لَأُعَذِّبَنَّهُ عَذَابًا شَدِيدًا أَوْ لَأَذْبَحَنَّهُ أَوْ لَيَأْتِيَنِّي بِسُلْطَانٍ مُبِينٍ

Bu ayetteki ilgili kelimeler “olumsuzluk edatı olan “La” değildir. Kesin tekit edatı olan “L / lam” harfidir. Bu Lam harfine bitişen elif ise, bildiğimiz “La”nın elifi değil, oradaki fiilin ilk harfi olan ve “elif üzerinde yazılan” hemzedir. Bu ayette bu şekilde yazılan iki kelime vardır: birisi. “LE-ÜAZZİBENNEHU”dur. لَأُعَذِّبَنَّهُ. Diğeri ise “LE-EZBEHANNEHU”dur  لَأَذْبَحَنَّهُ

Eğer iddia edildiği şekilde bu kelimeler olumsuz edatı olan “LA” olarak yazılsaydı, yazılışları şöyle olurdu: “LA- ÜAZZİBENNEHU” , “LA-EZBEHANNEHU”  Bunun Arapça yazılışı ise şöyledir:  لا اذبحنه   لا  اعذبنه

Böyle yazılsaydı, manası: “Ona çetin bir azab etmeyeceğim-onu kesmeyeceğim.” olurdu ki, bunun yanlış olduğu açıktır.

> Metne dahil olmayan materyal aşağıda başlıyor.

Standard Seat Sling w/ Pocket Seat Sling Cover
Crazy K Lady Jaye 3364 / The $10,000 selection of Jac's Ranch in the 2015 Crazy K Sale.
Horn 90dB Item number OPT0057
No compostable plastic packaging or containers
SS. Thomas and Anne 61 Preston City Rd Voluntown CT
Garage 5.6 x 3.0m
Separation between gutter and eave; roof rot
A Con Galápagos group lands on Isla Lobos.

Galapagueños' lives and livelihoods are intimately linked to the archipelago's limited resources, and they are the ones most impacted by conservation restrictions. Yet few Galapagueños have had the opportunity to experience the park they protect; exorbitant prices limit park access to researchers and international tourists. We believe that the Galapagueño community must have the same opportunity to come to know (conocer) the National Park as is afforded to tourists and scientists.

- Ali İmran suresinin  158. ayetinin meali ve Arapça metni şöyledir:

“Sizler ölseniz de, öldürülseniz de sonunda Allah’ın huzurunda toplanacaksınız.”

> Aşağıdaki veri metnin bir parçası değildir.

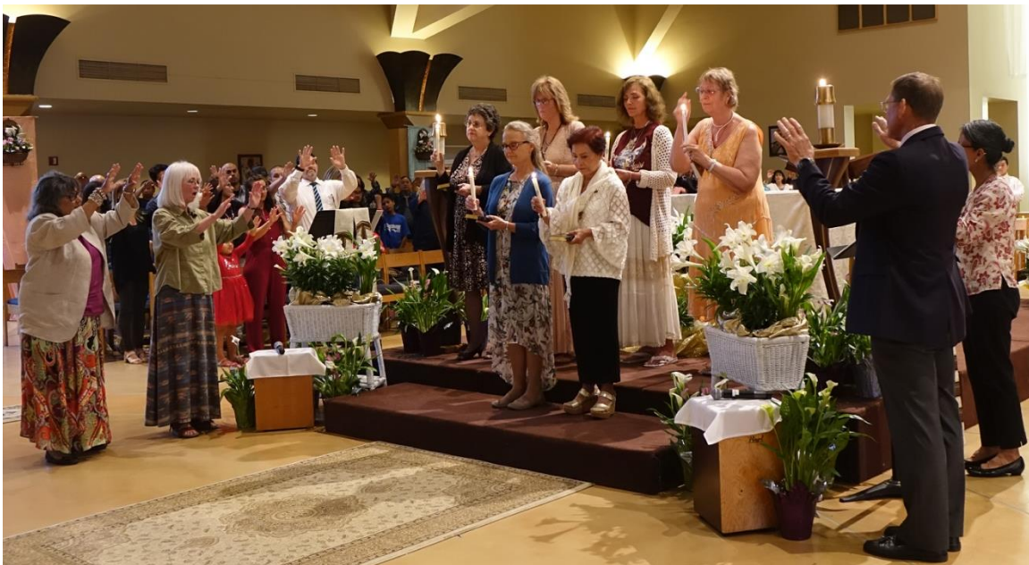
The Newly Professed with their Ministers.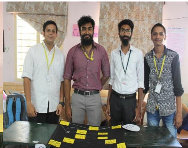
II Prize Winners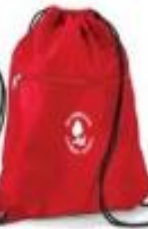
Swimming Bag. £5.50e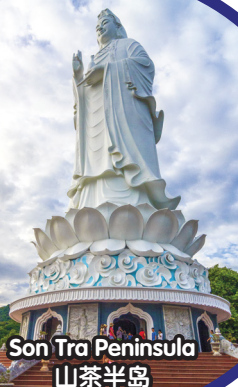
Son Tra Peninsula 山茶半岛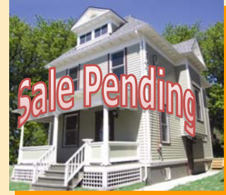
612 University Avenue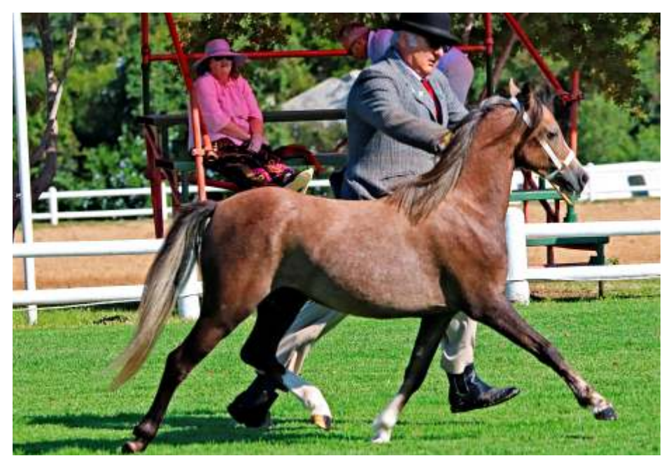
Tipuana Floral Bouquet

 وَلَئِنْ مُتُّمْ أَوْ قُتِلْتُمْ لَإِلَى اللَّهِ تُحْشَرُونَ

Öyle anlaşılıyor ki, bu ayette cahillerin sorguya aldığı ve cehaletlerinin başını çektiği kelime: “Allah’ın huzurunda” diye tercüme edilen “لَإِلَى اللَّهِ ” dır. Bu kelimenin yazılışı böyle bitişiktir. Şayet ayrık bir şekilde yazılsaydı, bu kelime ل الي   şeklinde yazılırdı. Fakat Arapçada böyle bir yazım tarzı yoktur.

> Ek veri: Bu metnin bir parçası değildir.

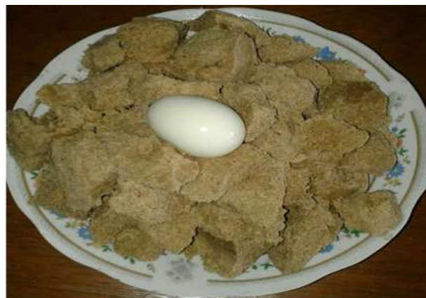
Figure 3. Nitak

Nitak is a typical Simalungun food where the method of making it is through the process of pounding flour in a "mortar" (Fig 3). With a combination of typical spices, the flour continues to be pounded until it blends into nitak. Nitak is usually combined with Dayok binatur to be served at an event, the taste of nitak itself is sweet and also has a thick pepper flavor that makes our tongues sway to eat it. Eating nitak must also be careful when talking, because it will make it difficult for our tongue to make a sound.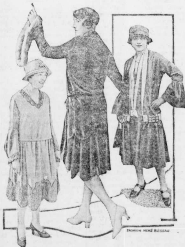
Sleeves Interpret the Style.

Another method of achieving novelty for the sleeve is that of adding cuffs oddly designed and conspicuous because of their hugeness, some reaching more than half-way to the elbow. When the fullness is gathered into

Şayet bu kelime iddia edildiği gibi, olumsuz edatı olsaydı  لا الي  şeklinde yazılırdı ve manası da “Allah’ın huzurunda toplanmayacaksınız” şeklinde olurdu ki yanlışlığı ortadadır.  

- Saffat suresinin 68. ayetin meali ve Arapça metni şöyledir: 

“Sonra dönüşleri, şüphesiz ateşe/cehenneme olacaktı”

 ثُمَّ إِنَّ مَرْجِعَهُمْ لَإِلَى الْجَحِيمِ

Bu da bir önceki ayette olduğu gibidir. “L” harfine “ila” harfi cerrinin hemzesi birleşmiştir. Olumsuz anlamdaki “La” ile hiçbir ilgisi yoktur.

- Tevbe suresinin 47. ayetinin meali ve Arapça metni şöyledir:

“Şayet sizinle (sefere) çıkmış olsalardı, bozgunculuk etmekten başka bir katkıları olmazdı. Fesat ve fenalığı artırmaktan başka bir iş yapmazlardı. Sizi fitneye düşürmek arzusuyla aranıza sokulup entrikalar çevirirlerdi. Aranızda onlara kulak verenler de vardır. Allah o zalimleri pek iyi bilir.”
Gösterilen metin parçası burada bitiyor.